Construction d'un paquebot au chantier naval de Saint-Nazaire . © Capture d'écran Youtube / Stx France

Saint-Nazaire : la justice coréenne ouvre les négociations avec l’italien Ficantieri

Le groupe italien Ficantieri serait retenu par la justice coréenne pour le rachat du chantier naval STX de Saint-Nazaire.

La justice sud-coréenne en charge du redressement judiciaire du groupe sud-coréen STX Offshore & Shipbuilding, actuellement propriétaire du chantier naval STX France de Saint-Nazaire, a ouvert les négociations avec un unique repreneur. Il s’agit de l’italien Ficantieri, dernier candidat à la reprise du constructeur de navires français. La vente n’est pas encore actée et les différentes parties doivent toujours se mettre d’accord sur le montant de cette acquisition.

L’italien Ficantieri retenu pour le rachat

Mardi 3 janvier 2017, le tribunal de commerce du district central de Séoul a annoncé l’ouverture des négociations uniques avec le groupe italien pour l’acquisition de ce chantier naval qui emploie 2600 personnes. Le chantier doit construire 14 bateaux d’ici 2026 pour ses deux principaux clients MSC Croisières et Royal Caribbean. Il affichait en 2015 un chiffre d’affaires de 983 millions d’euros et un résultat net à 4,2 millions d’euros, des profits qui devraient continuer à grimper.
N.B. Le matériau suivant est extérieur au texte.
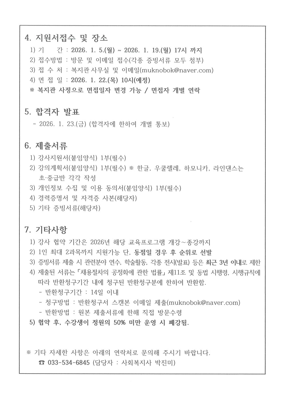 [동해시/구인] 2026년 묵호노인종합복지관 노년사회화교육 강사 모집 공고

Ficantieri était le dernier candidat en lice parmi 4 autres et la justice coréenne n’avait pas vraiment d’autre choix, si ce n’était de refaire un appel possiblement infructueux. Selon des propos relayés par Le Monde, le groupe italien entend faire de Saint-Nazaire une force européenne, à l’image d’un “Airbus des paquebots”. Il compte utiliser ce poids supplémentaire à son avantage lors de négociations futures pour améliorer les prix et marges du chantier.

Une nouvelle qui ne fait pas que des heureux

Cependant l’acquisition par le groupe italien soulève quelques réticences. Au niveau de la concurrence, ce rachat pourrait entraîner un duopole gênant pour les autres constructeurs européens. Au niveau français, l’Etat actionnaire à 33% souhaiterait amener le constructeur DNCS au sein du capital pour plus de contrôle. De même la coentreprise démarrée en juillet 2016 entre Ficantieri et le conglomérat chinois China State Shipbuilding Corp suscite des inquiétudes de transfert de technologie.

Seule filiale rentable du groupe sud-coréen, le chantier se porte bien avec un carnet de commandes rempli et est fournisseur pour MSC Croisières et Royal Caribbean. Mais il est aussi le plus grand et le seul à posséder le matériel et les techniques pour construire une coque de porte-avions.